◆ **Task brief**:
Transcribe exactly the lines from the first line of the records through the line containing "Используя график, покажите, как", and leave out every picture.

Data extracted from a collection:
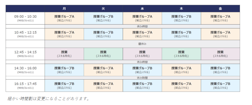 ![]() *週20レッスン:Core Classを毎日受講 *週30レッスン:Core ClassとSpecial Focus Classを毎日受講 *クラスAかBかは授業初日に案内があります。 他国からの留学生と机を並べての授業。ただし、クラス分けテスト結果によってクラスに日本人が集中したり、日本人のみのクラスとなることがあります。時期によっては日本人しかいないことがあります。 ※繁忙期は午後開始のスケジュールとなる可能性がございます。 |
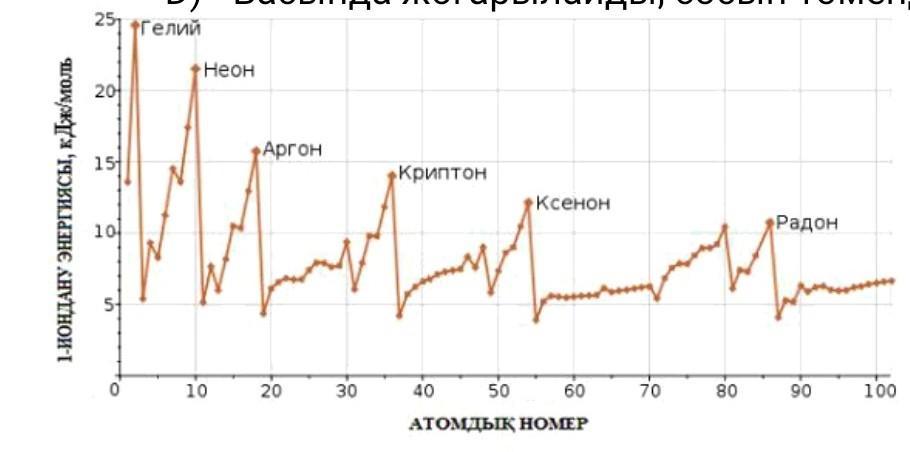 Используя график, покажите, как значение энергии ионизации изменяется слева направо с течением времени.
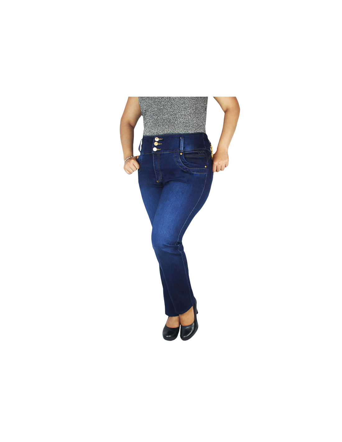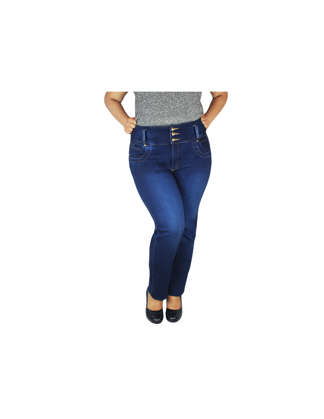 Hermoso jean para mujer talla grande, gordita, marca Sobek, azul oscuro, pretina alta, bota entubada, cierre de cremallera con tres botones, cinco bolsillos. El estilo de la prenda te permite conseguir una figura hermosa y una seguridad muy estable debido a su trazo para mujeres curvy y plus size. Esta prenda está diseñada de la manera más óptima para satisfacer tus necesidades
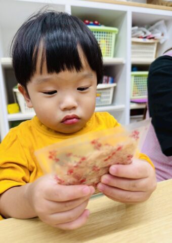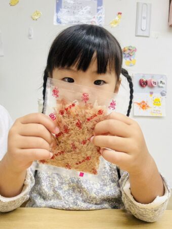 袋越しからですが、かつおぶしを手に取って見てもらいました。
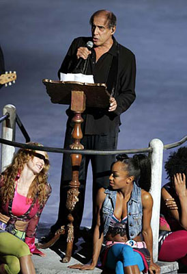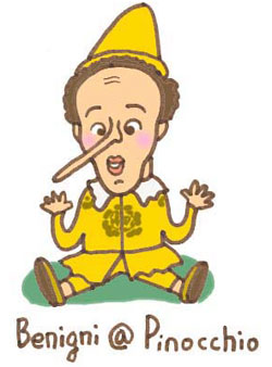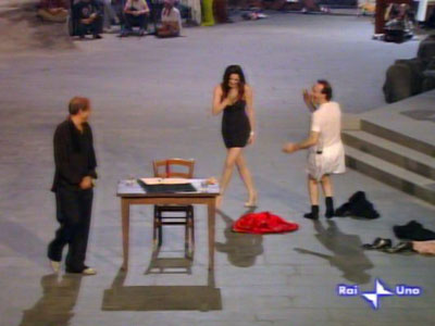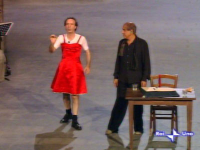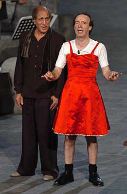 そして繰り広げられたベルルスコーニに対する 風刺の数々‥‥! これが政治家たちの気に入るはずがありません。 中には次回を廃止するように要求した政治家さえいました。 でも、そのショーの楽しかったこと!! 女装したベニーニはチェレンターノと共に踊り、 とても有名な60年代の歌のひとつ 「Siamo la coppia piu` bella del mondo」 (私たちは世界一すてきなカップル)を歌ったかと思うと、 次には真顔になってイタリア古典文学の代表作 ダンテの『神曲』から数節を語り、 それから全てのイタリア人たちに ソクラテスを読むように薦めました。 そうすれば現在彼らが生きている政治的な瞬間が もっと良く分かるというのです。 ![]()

◆ **Answer area**:
 ![]() *週20レッスン:Core Classを毎日受講 *週30レッスン:Core ClassとSpecial Focus Classを毎日受講 *クラスAかBかは授業初日に案内があります。 他国からの留学生と机を並べての授業。ただし、クラス分けテスト結果によってクラスに日本人が集中したり、日本人のみのクラスとなることがあります。時期によっては日本人しかいないことがあります。 ※繁忙期は午後開始のスケジュールとなる可能性がございます。 |
 Используя график, покажите, как значение энергии ионизации изменяется слева направо с течением времени.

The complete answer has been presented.